The resulting hour, titled “The Wellstone Agency,” managed to do both of those things with a moving farewell to both Middleton and his alter ego. Though the episode also furthered Red’s pursuit of Liz, its more poignant focus was the loss of Middleton’s DMV regional manager, who died from West Nile virus as his portrayer did in real life.
But sprinkled among the episode’s somber moments — like Red’s heartfelt eulogy for Glen, delivered at the Statue of Liberty — was some levity, including the strange and amusing plot twist that Glen had claimed to have a years-long friendship with singer Huey Lewis. The two men had no such relationship in reality, but in the spirit of preserving the lie and not leaving his mother devastated, Glen had posthumously tasked Red with tracking Lewis down and persuading him to attend Glen’s memorial. (Against all odds, Red pulled it off, and Lewis guest-starred as himself in multiple scenes.)
Below, Blacklist EPs Jon Bokenkamp and John Eisendrath explain how Lewis’ appearance came to be, among other details of the sweet tribute episode.

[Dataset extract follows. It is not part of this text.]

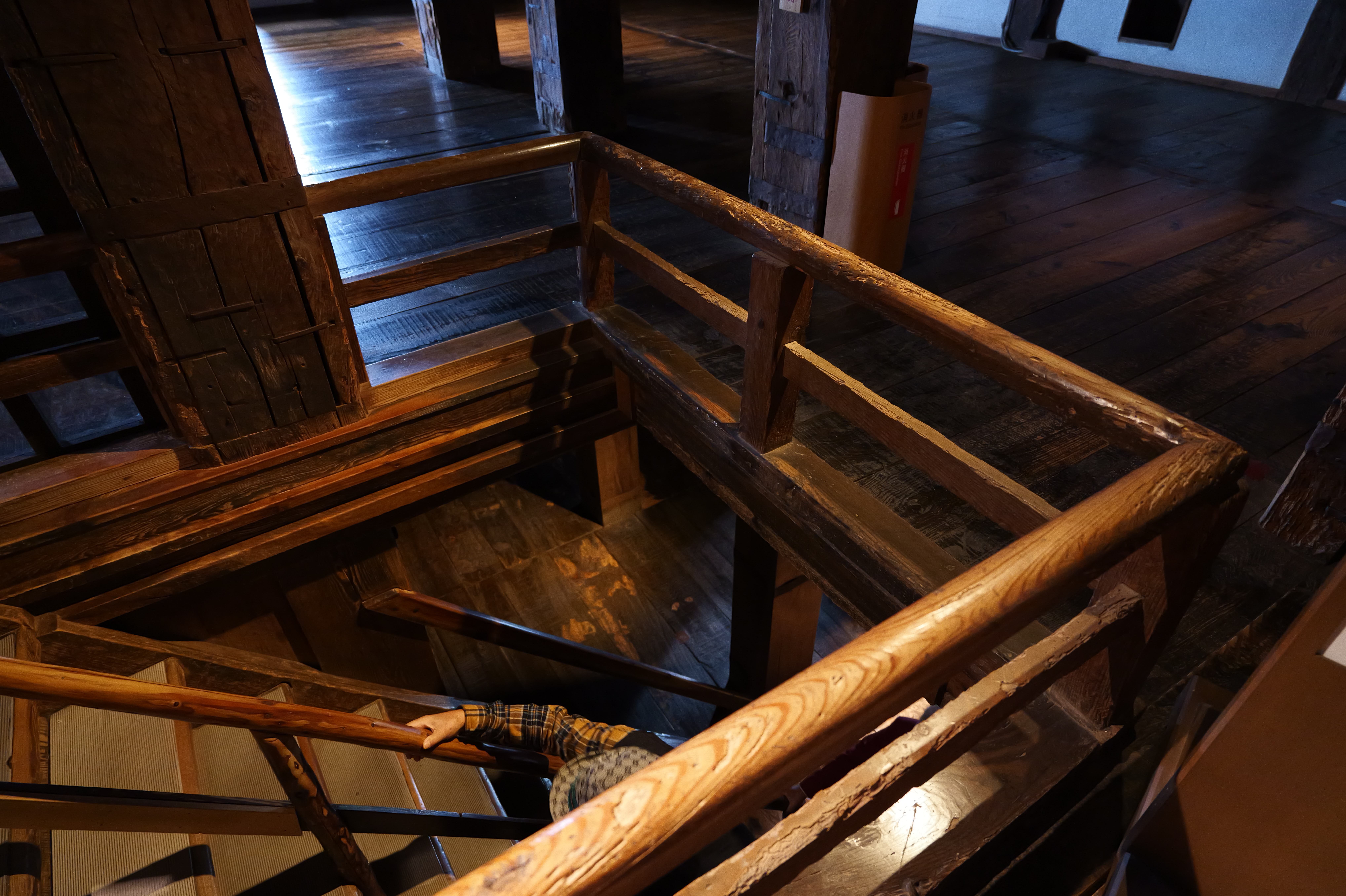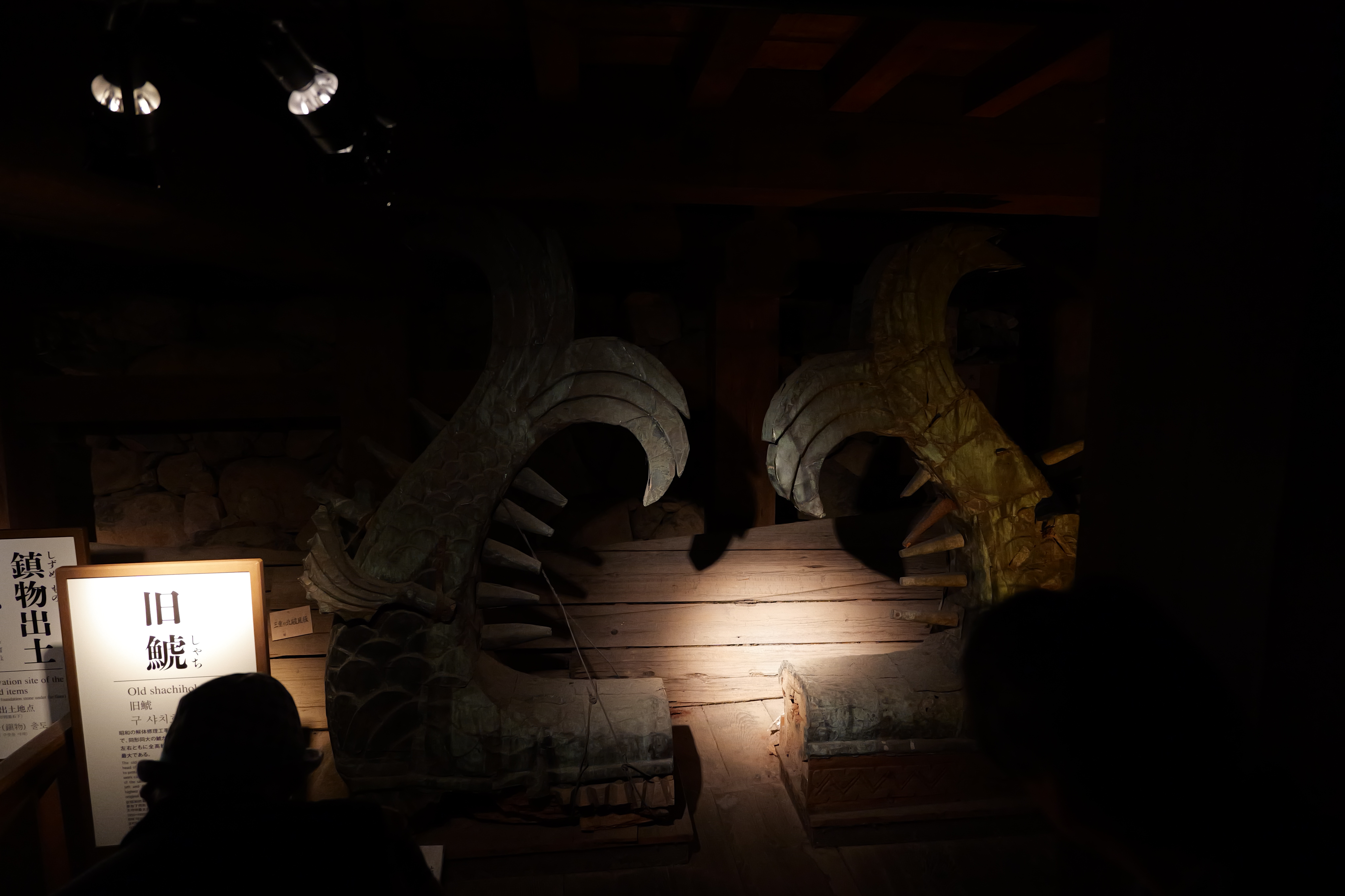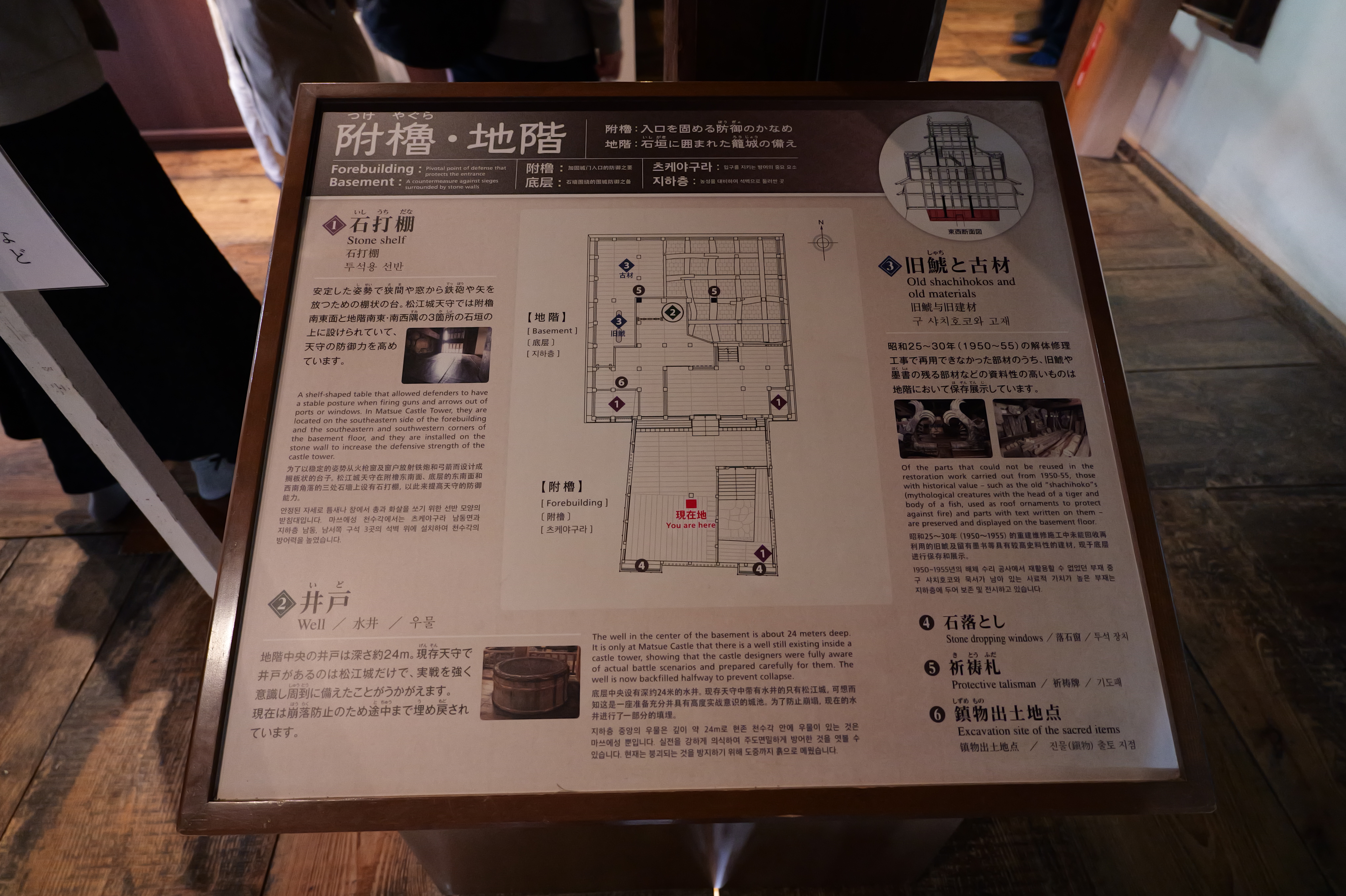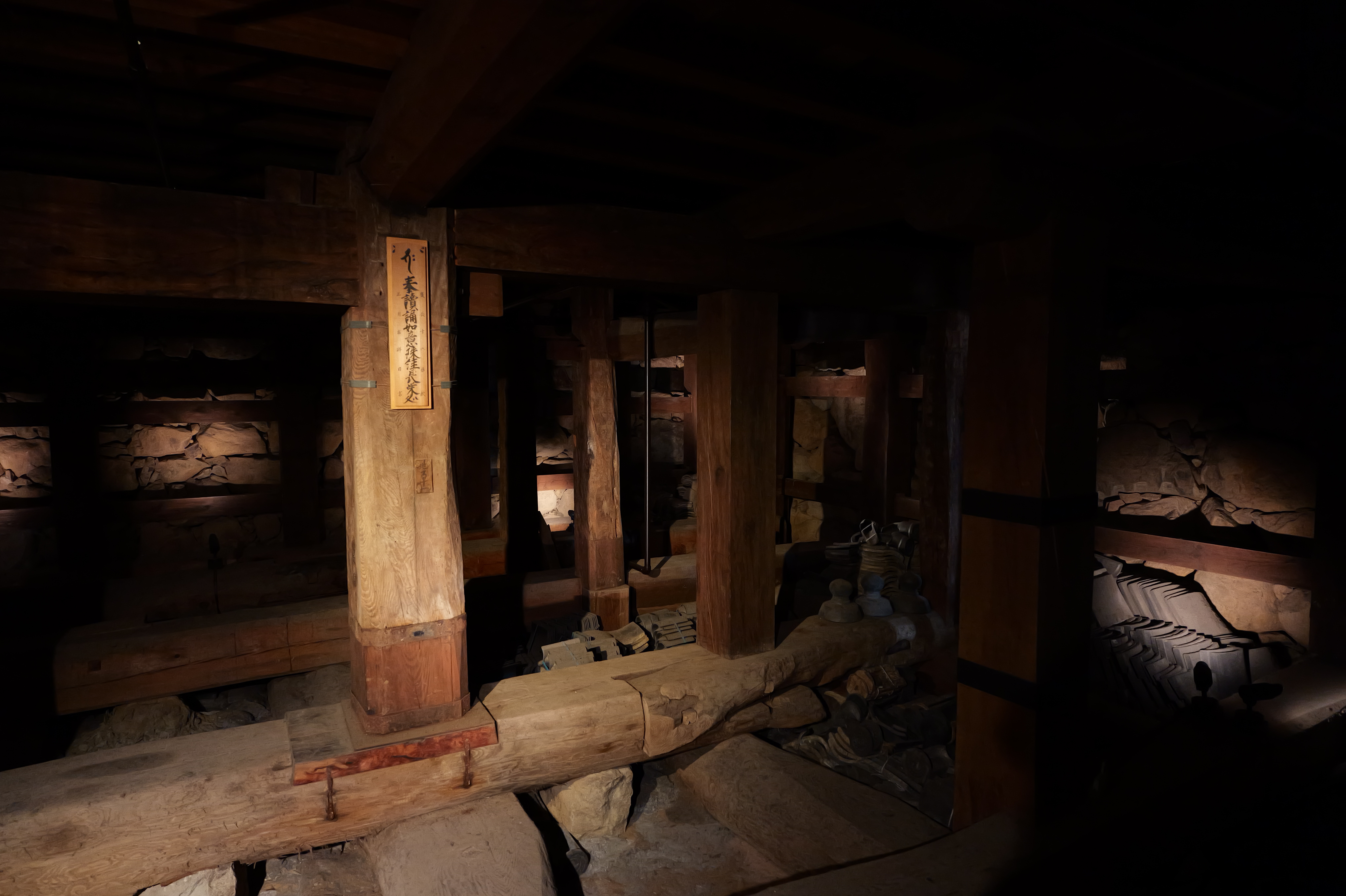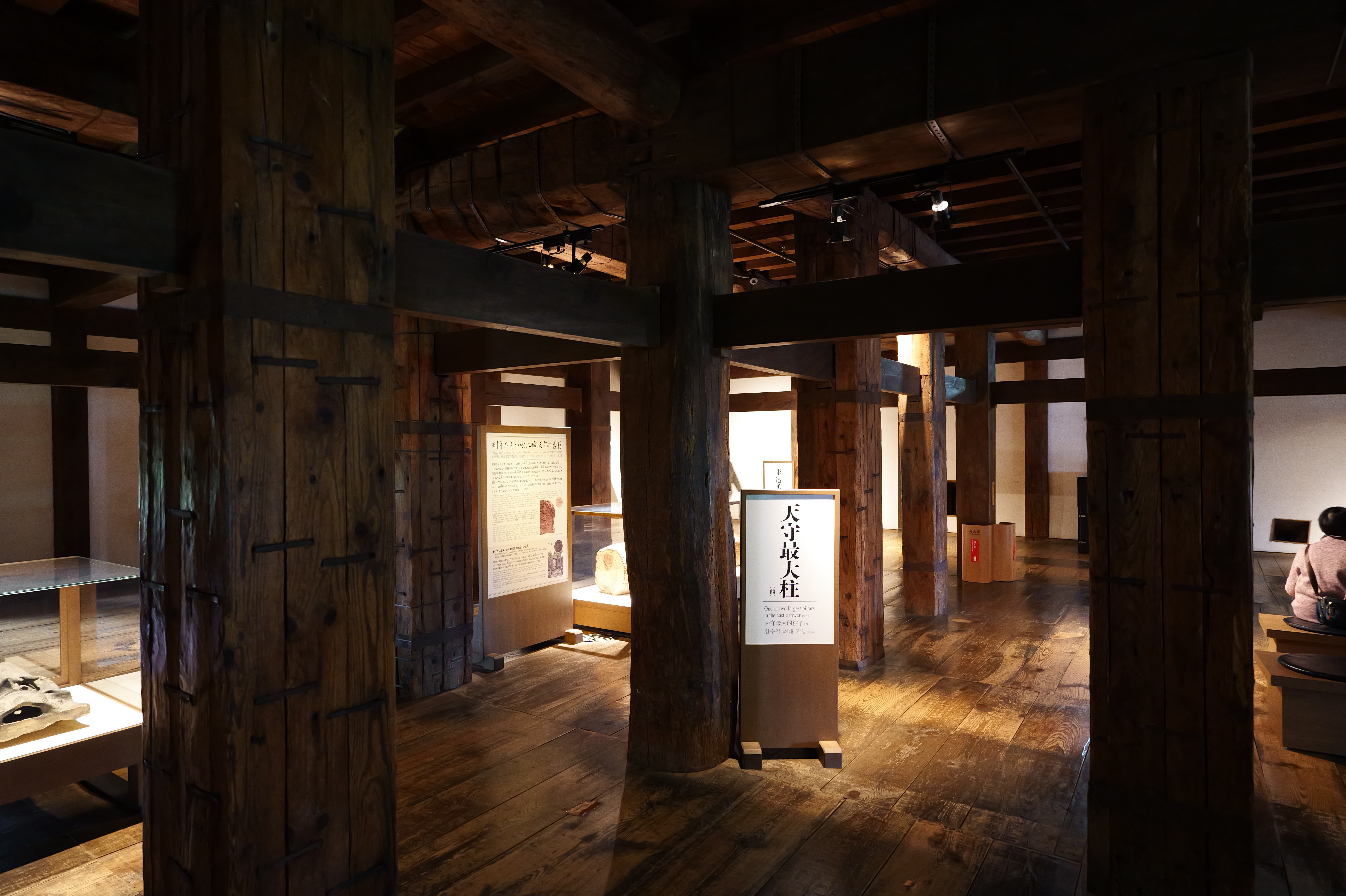 天守は附櫓から入り、天守地階へ。地階は塩蔵で井戸や旧鯱、石打棚が見られます。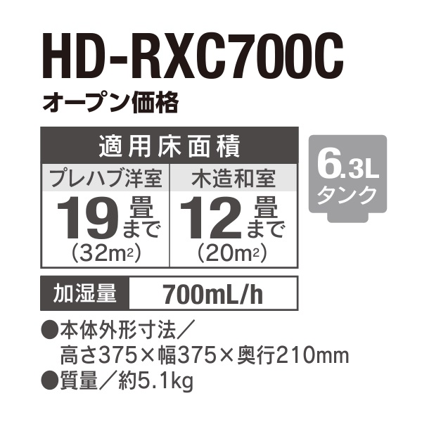 ダイニチ HD-RXC700C(T) ハイブリッド式加湿器 RXCタイプ ショコラブラウン 木造12畳プレハブ洋室19畳まで ℃℃

TVLINE | In a previous interview, we spoke briefly about how you’d address Clark’s death on the show, and it sounded like having Glen pass away was the best fit. Why did Glen’s death feel most suitable, as opposed to writing him out in another way?
BOKENKAMP | We always kick around every idea — good and bad — so yes, we did explore ideas where maybe Glen got fired, or went on a vacation, or maybe we just don’t see Glen again. But Clark was such an important part of The Blacklist that it didn’t take long for us to embrace the idea of recognizing his death within the narrative framework of the show. In fact, it would be weird for us to not acknowledge it. Once we embraced that idea, we felt like we had an opportunity, not only to talk about Glen — who he was, and what he meant to the show — but we had an opportunity to pay tribute to Clark Middleton.
EISENDRATH | We loved Clark. Acknowledging his passing on the show gave us the chance to eulogize both the character he played on the show and, to a certain extent, the man himself.
TVLINE | On a similar note, Glen’s cause of death is noted as West Nile virus — the same as Clark’s cause of death in real life. Was there ever any thought of changing Glen’s cause of death, or did it feel most appropriate to honor what really happened to Clark?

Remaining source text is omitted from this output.